About this task
What is needed is an exact repetition of the lines below, from the first one through the one holding "(c). 器件效率与活性层厚度的关系曲线;", with no pictures and nothing else.

Provided data
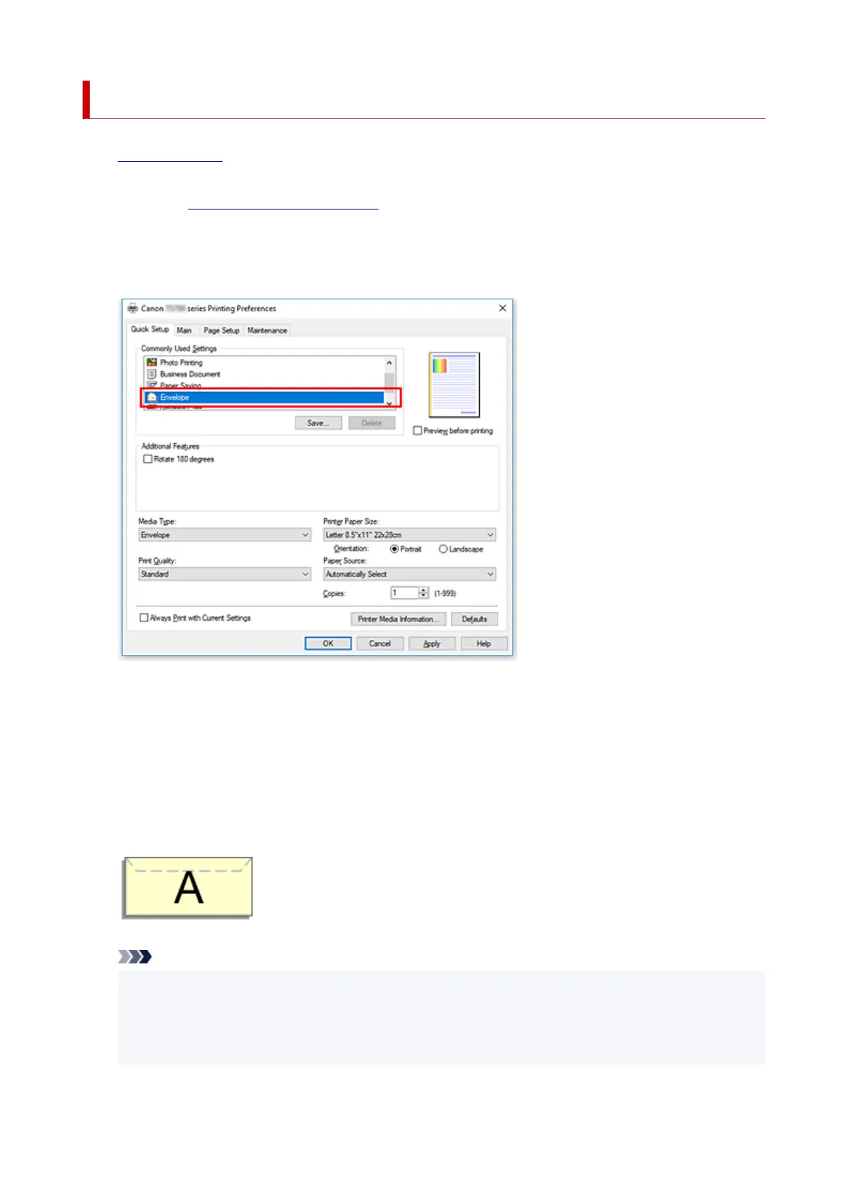 When the Envelope Size Setting dialog box is displayed, select Envelope Com 10, Envelope DL,
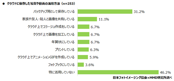 一方、クラウドの活用方法としては「特に活用していない」が最も回答数が多く46.2%、次いでバックアップ用として保存している人が31.2%となっている。
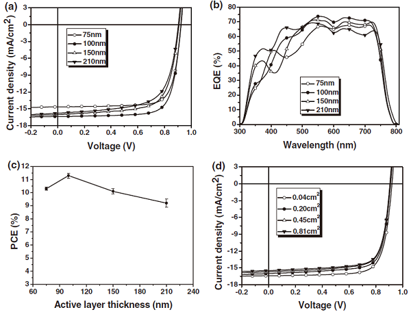 (c). 器件效率与活性层厚度的关系曲线;
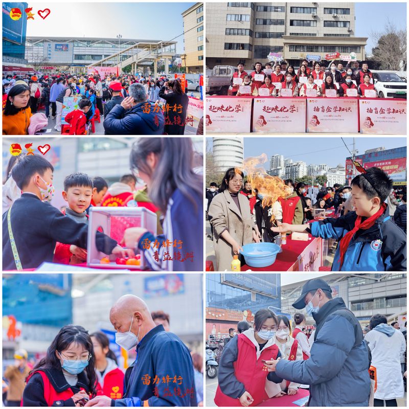 仪式结束后,“红领金”功能型党支部成员在大润发华亿广场开展“智慧助老”、“趣味化学小实验”、“抽盲盒 学知识”志愿服务活动。活动现场,志愿者们以“一对一”“面对面”“手把手”的形式,详细地教老年人使用智能手机,暖心地为小朋友普及化学知识,耐心地演示“手中火”化学实验并对原理进行讲解。活动现场吸引了众多群众前来体验,大家身着“志愿红”,践行“党员红”,用实际行动传递出学雷锋精神正能量,青年志愿者良好的精神风貌、热忱的服务态度受到广大群众的点赞。

Answer area
 When the Envelope Size Setting dialog box is displayed, select Envelope Com 10, Envelope DL,
 一方、クラウドの活用方法としては「特に活用していない」が最も回答数が多く46.2%、次いでバックアップ用として保存している人が31.2%となっている。
 (c). 器件效率与活性层厚度的关系曲线;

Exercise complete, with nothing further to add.